Strength: Many supporting muscles are called upon to execute even a simple flagging move. The flagging leg should be held stiff in order to accurately control your balance, and the stationary leg needs to have adequate stability in the ankle and hip, as well. Stability in the hip and ankle requires strength and flexibility. Work on strengthening the hip flexors and the supporting muscles in the ankle. The hips and ankle will maintain your balance on small foot holds while your legs, arms, and core are pivoting around your center of gravity.
You will need to practice this type of motion. We consider this so important that Begin Climbing workouts always include hip exercises with leg strengthening, balance, and yoga poses with your core engaged. Fortunately this is not difficult to train.
- Strength exercises:
- Perform knee raises while hanging, and side leg lifts while lying down and standing up.
- Flexibility exercises:
- Tight muscles restrict your movement and require additional strength to move your body. Yoga stretches like Warrior Pose will help open up the hips. Continually improve your flexibility to reduce the energy it takes to hold climbing moves like flagging.
Skill: Balance is key for efficient flagging. The more stable you feel standing on one foot on the wall, the more confident you will be with extending your flagging leg and letting your arms relax. It takes time to improve our balance. Gymnasts, dancers and skaters practice this for years, and climbing is no different.
- Balance exercises:
- Even though the best way to practice is on the wall, you can actually develop your balance at any time of the day. I suggest practicing balance while in line at the store, washing dishes, or brushing your teeth.

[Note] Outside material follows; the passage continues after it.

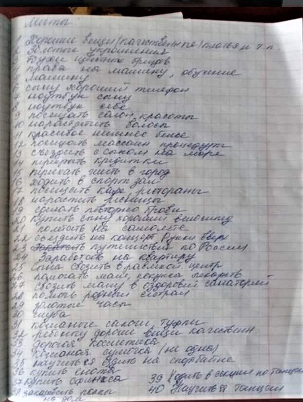 И какие-то вполне конкретные мужчины смеются над этими желаниями, издеваются над ней в комментариях и считают, что женщины совсем обнаглели. Что с вами не так, смеющиеся мужчины? Куда вам семья, если вы не можете обеспечить ей даже базовые элементарные потребности? Если бы я однажды нашла такую тетрадку у своего сына или мужа, и там было бы написано про поездки по России, велосипед и эти проклятые роллы, я бы пару дней умирала от жгучего стыда, а потом влезла бы в долги, работала бы по 20 часов в сутки, но купила бы этот проклятый велосипед, и наскребла бы денег на Краснодарский край. Уж если не для мужа, то для ребенка точно. Потому что очень стыдно, если твои самые близкие люди мечтают о таких простых вещах.

- Slacklining is a very popular activity for improving balance in the climbing community. It is is fun for climbers of all abilities, and can be practiced on recovery days when your body is resting.
Mental Capability: Taking a leg off the wall and extending it into open space or to an empty section of the wall is a very unusual (and possibly frightening) position to assume. You need to fight the instinct to keep all your hands and feet on the wall at all times. Flagging will make your climbing immensely easier and more efficient. You will need to retrain your brain to allow yourself to do this! Start by working on the three points above strength, skill, and mental capability.
PULLING IT ALL TOGETHER
At the gym. At your next gym session, try to use flagging as much as possible. The eventual goal is to use the most efficient body position for each move we learn, through practice. Our bodies and minds can only learn so many things at one time, so you will need to focus solely on flagging for several routes in order to get a feel for how to properly use this move on the wall. You will also be able to identify whether your balance is good enough, and your hips are strong and flexible enough to climb smoothly and efficiently. You will know that you have developed competence with flagging when you are able to climb smoothly and quietly on the wall while employing flagging during your climb.
- Climb the same route 3 times employing flagging as often and as smoothly as possible.
- On-sight (an ascent with no prior knowledge, without any rests or falls) additional routes with varying difficulty, terrain, and overhang, and employ flagging as you go.
To become the best climbers possible with the least amount of effort, we need to be intentional about our training. Spend a session focused on the skill of flagging and continue to develop your flagging into a solid skill you can employ without even thinking.